- _The input_:
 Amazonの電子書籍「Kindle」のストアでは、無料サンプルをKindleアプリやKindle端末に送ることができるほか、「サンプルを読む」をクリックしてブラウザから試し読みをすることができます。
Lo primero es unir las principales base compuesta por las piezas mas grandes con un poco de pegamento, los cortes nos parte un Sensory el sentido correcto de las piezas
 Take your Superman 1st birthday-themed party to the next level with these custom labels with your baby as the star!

==

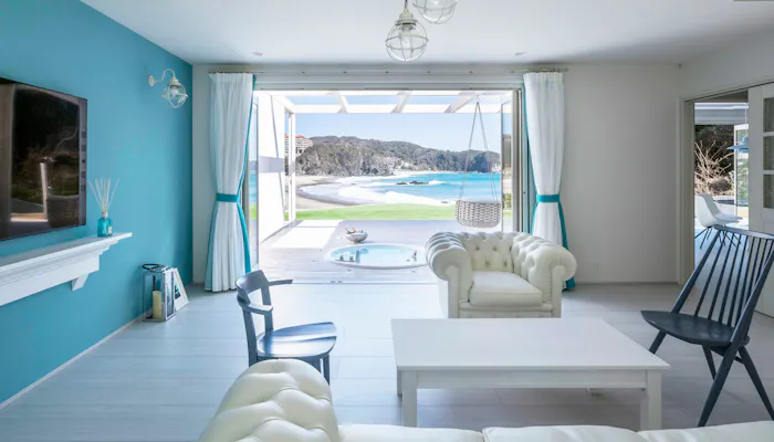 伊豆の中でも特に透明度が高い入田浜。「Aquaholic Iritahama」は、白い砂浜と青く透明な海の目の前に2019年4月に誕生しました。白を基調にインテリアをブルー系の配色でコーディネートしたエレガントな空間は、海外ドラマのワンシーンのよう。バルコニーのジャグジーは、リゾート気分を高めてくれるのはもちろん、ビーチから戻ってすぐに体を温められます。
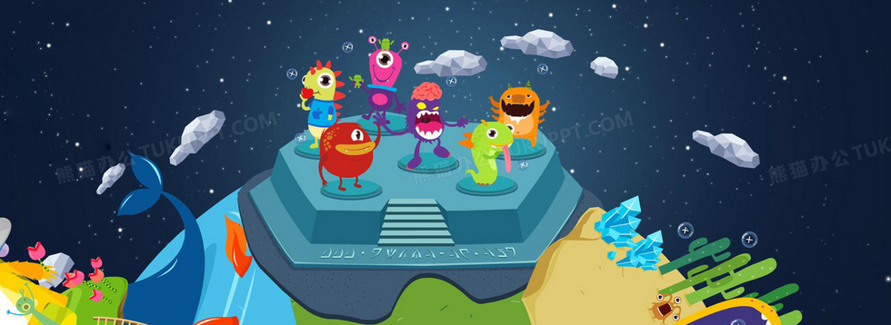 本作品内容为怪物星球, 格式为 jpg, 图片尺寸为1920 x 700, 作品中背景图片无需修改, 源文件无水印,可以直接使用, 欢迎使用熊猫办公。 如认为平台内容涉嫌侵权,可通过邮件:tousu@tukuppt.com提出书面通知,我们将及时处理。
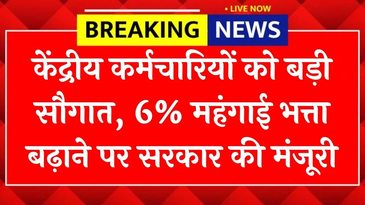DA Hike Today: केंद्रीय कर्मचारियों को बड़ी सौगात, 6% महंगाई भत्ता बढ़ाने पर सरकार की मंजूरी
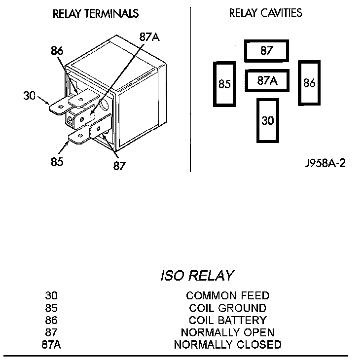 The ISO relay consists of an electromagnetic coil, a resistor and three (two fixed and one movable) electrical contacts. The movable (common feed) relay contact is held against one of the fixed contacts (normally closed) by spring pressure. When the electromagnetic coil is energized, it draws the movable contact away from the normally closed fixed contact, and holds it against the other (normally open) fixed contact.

* * *

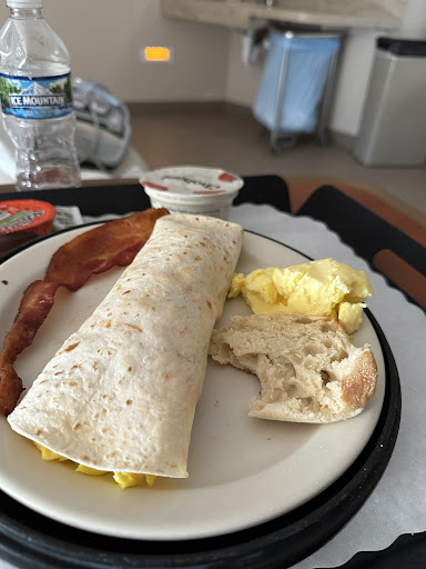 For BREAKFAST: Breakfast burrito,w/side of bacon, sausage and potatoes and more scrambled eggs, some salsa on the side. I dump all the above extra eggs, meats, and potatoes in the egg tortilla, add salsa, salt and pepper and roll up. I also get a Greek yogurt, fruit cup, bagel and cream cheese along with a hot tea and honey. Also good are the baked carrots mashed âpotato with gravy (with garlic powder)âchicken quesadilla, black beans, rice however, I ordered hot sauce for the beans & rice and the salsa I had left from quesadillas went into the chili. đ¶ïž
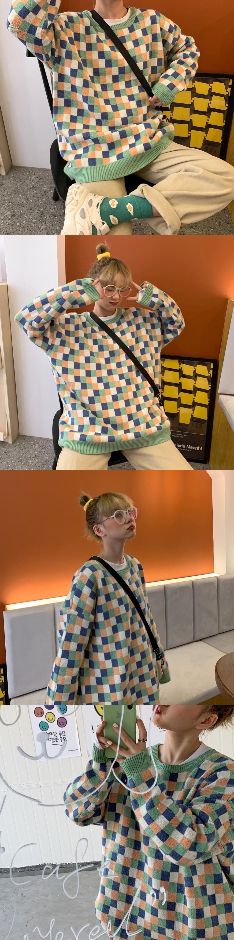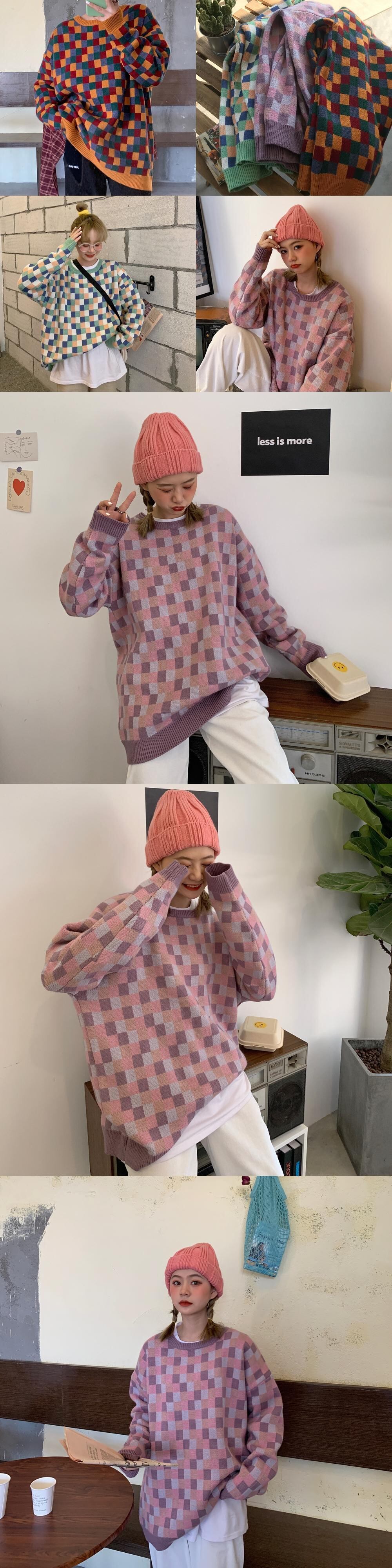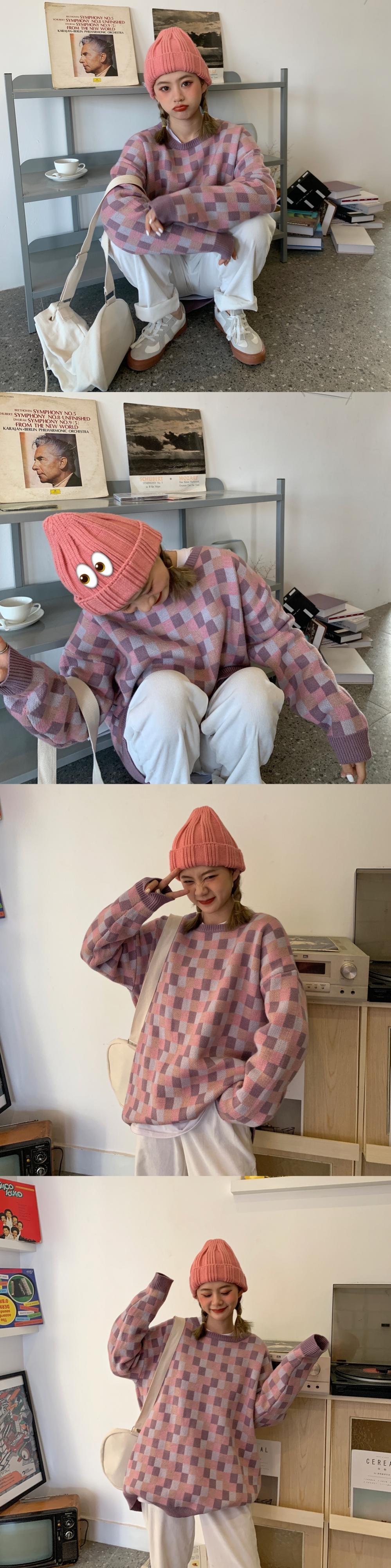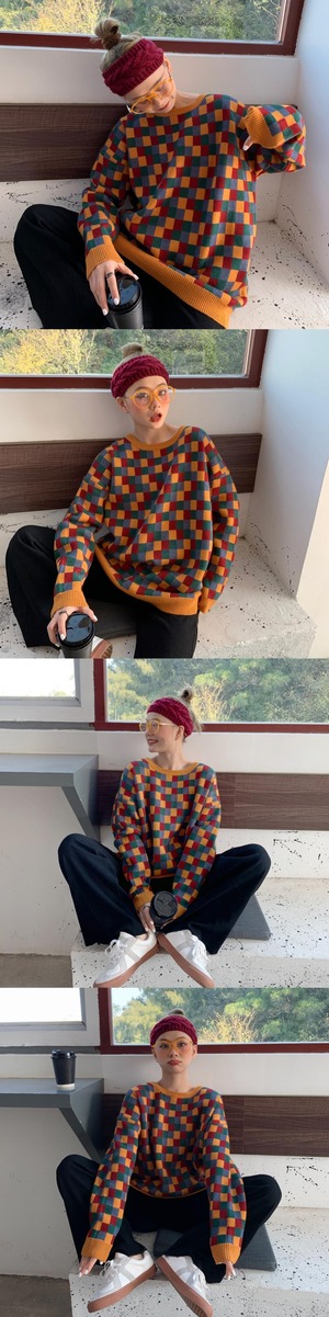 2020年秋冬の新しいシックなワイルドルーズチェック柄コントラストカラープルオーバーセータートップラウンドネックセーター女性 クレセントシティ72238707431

- _Task details_:
Taking the records above, retype every line from the one with "Lo primero es" down to the one with "Take your Superman", exactly and with nothing else.

- _Your solution_:
Lo primero es unir las principales base compuesta por las piezas mas grandes con un poco de pegamento, los cortes nos parte un Sensory el sentido correcto de las piezas
 Take your Superman 1st birthday-themed party to the next level with these custom labels with your baby as the star!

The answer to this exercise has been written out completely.